Do you have pic's of the downstairs of the barn?

And I am pretty sure that the barn was not built in 96, I could be wrong and I am just looking at the pictures but it looks much older than that, that is not a bad thing i would rather have a old barn.


----------



## Sturedman

Here's a couple from the underside of the barn


----------



## Sturedman

Joe.G said:


> Do you have pic's of the downstairs of the barn?
> 
> And I am pretty sure that the barn was not built in 96, I could be wrong and I am just looking at the pictures but it looks much older than that, that is not a bad thing i would rather have a old barn.


I have no idea. Jut going by what the woman thought lol. She is also the one that said there is an old barn on it that probably needs torn down. So you know she never saw it. Just inherited it!


----------



## Joe.G

The block wall looks newer but that is about it, ANd that may have been added after the barn was up to fix a issue or strength it.


----------



## Sturedman

Joe.G said:


> The block wall looks newer but that is about it, ANd that may have been added after the barn was up to fix a issue or strength it.


Good observation. I hadn't figured that.


----------



## Sturedman

Another before when we bought it, and after a couple days of cleaning. This vantage point is about where our front porch will be with the barn behind us.


----------



## RonM

Good looking property, had you ever thought of refurbishing the barn into a house, I bet that would look nice converted to a house.............


----------



## Sturedman

RonM said:


> Good looking property, had you ever thought of refurbishing the barn into a house, I bet that would look nice converted to a house.............


We looked at that option, but it is a little costly. More than my budget allows. And, we want to use the barn as a barn hopefully.


----------



## Sturedman

Thought I'd share a couple of photos, from the greening of the property. I was so excited to drive out yesterday and find this. Also a couple from the backside of the property on the way to the creek.


----------



## RonM

I sure would like to go over there turkey hunting and deer hunting, looks like the right place to be........


----------



## Sturedman

RonM said:


> I sure would like to go over there turkey hunting and deer hunting, looks like the right place to be........

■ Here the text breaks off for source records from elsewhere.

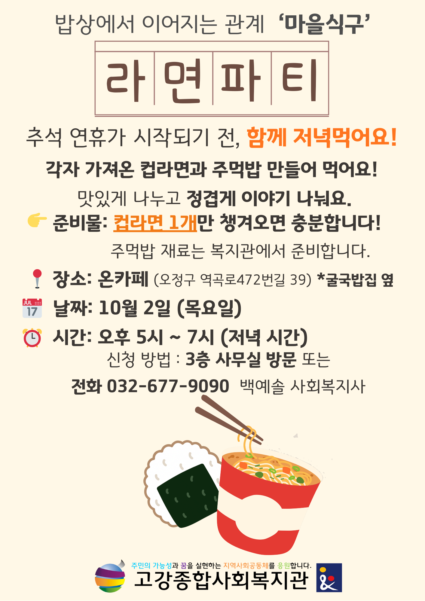 마을에서는 라면 파티가 진행되었습니다. 이번 라면 파티는 고강종합사회복지관의 마을 사업 중 ‘밥상에서 이어지는 관계-마을 식구’에서 기획하여 마련된 자리였습니다.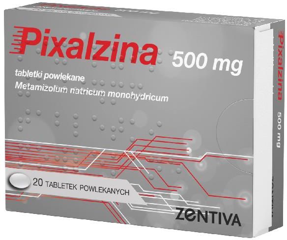 Pixalzina to produkt leczniczy w postaci tabletek, stosowany w bólach różnego pochodzenia o dużym nasileniu. Skład: Substancją czynną leku jest metamizol sodowy jednowodny. Każda tabletka powlekana zawiera 500 mg metamizolu sodowego jednowodnego (Metamizolum natricum monohydricum). Substancje pomocnicze: Rdzeń tabletki: skrobia kukurydziana, laktoza jednowodna, makrogol 6000, powidon (K 25), magnezu stearynian, skrobia ziemniaczana. Otoczka: talk, kopolimer metakrylanu butylu zasadowy, tytanu dwutlenek (E171), magnezu stearynian, olej rycynowy oczyszczony. Wskazania i działanie: Pixalazina to lek w postaci tabletek powlekanych, zawiera w składzie metamizol sodowy jednowodny, należący do grupy leków zwanych pirazolonam. Pixalazina jest lekiem przeciwbólowym, przeciwgorączkowym oraz przeciwskurczowym. Dawkowanie: Zalecana dawka dla dorosłych i młodzieży w wieku powyżej 15 lat (o masie ciała powyżej 53 kg) to od 1 do 2 tabletek (co odpowiada od 500 do 1000 mg metamizolu), które można przyjmować do 4 razy na dobę w odstępach co 6 do 8 godzin. Maksymalna dawka dobowa to 8 tabletek (co odpowiada 4000 mg metamizolu). Działania leku Pixalzina należy spodziewać się w ciągu 30 – 60 minut i utrzymuje się przez około 4 godziny. Tabletki zaleca się połykać w całości, bez rozgryzania, popijając dostateczną ilością wody (około pół szklanki). Lek Pixalzina można przyjmować z jedzeniem lub bez. Nie należy przyjmować leku Pixalzina dłużej niż 3 – 5 dni Przeciwwskazania: Nie należy stosować leku Pixalzina w przypadku: nadwrażliwości na którykolwiek składnik leku, zaburzenia czynności szpiku kostnego lub zaburzeń układu krwiotwórczego, pacjentów z rozpoznanym zespołem astmy analgetycznej lub znaną nietolerancją na leki, przeciwbólowe objawiające się pokrzywką, obrzękiem naczynioworuchowym; wrodzonym, niedoborem dehydrogenazy glukozo-6-fosforanowej (zagrożenie hemolizą), ostrej przerywanej porfirii wątrobowej, trzeciego trymestru ciąży. Producent: Zentiva k.s. U kabelovny 130 102 37 Praga 10, Czechy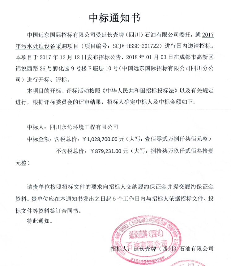 公司中標(biāo)殼牌9個(gè)加油站2017年污水處理設(shè)備采購(gòu)項(xiàng)目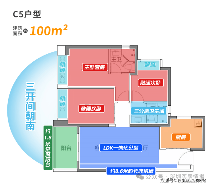 约100㎡的三房户型,三开间全部朝南,通风采光无死角,尽享阳光的宠溺。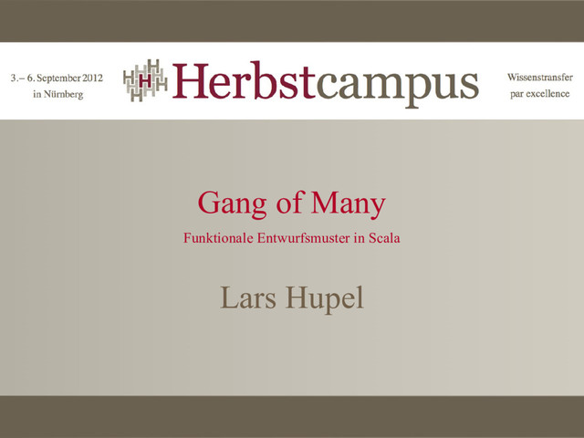 der Compiler nach Implicits? Scala Language Specification §7.2 1. importierte Bezeichner 2. aus den Companions von: bei einem Typen T[A, B, C, ...]: T, A, B, ... bei einem Typen A with B with ...: A, B, ... Lars Hupel Gang of Many 4. September 2012 12 / 58

I was surprised out how much deer poop was all over that property in January lol. And we hear turkeys, so I am sure it's a good spot for that indeed.


----------



## Sturedman

A few more.



Our spring fed stream down in the valley


The path down to the stream


----------



## RonM

You could never show us too many photos.....love em.....


----------



## Dale Alan

Wow,very nice. Congrats !


----------



## Sturedman

Talked to the electric company today. $4,000.00 to get a meter pole by the driveway. Haha on that one. Although, he did say, if we move in within 48 months, and make that our residence, they will refund the $4,000.00. Now we have have decided to just buy a used rv with a generator for the $4,000. Stay in it on the weekends while we build, and once we are ready to move in, they will install it all with no charge. I can drive it to the dump station when the tanks are full and have water, electric and such all in one shot. Just a class "c" rv. Not a big one.


----------



## RonM

That'll work.......


----------



## Sturedman

A few more pictures of it turning green and starting to fill in. I am loving this place lol. Seclusion at it's finest.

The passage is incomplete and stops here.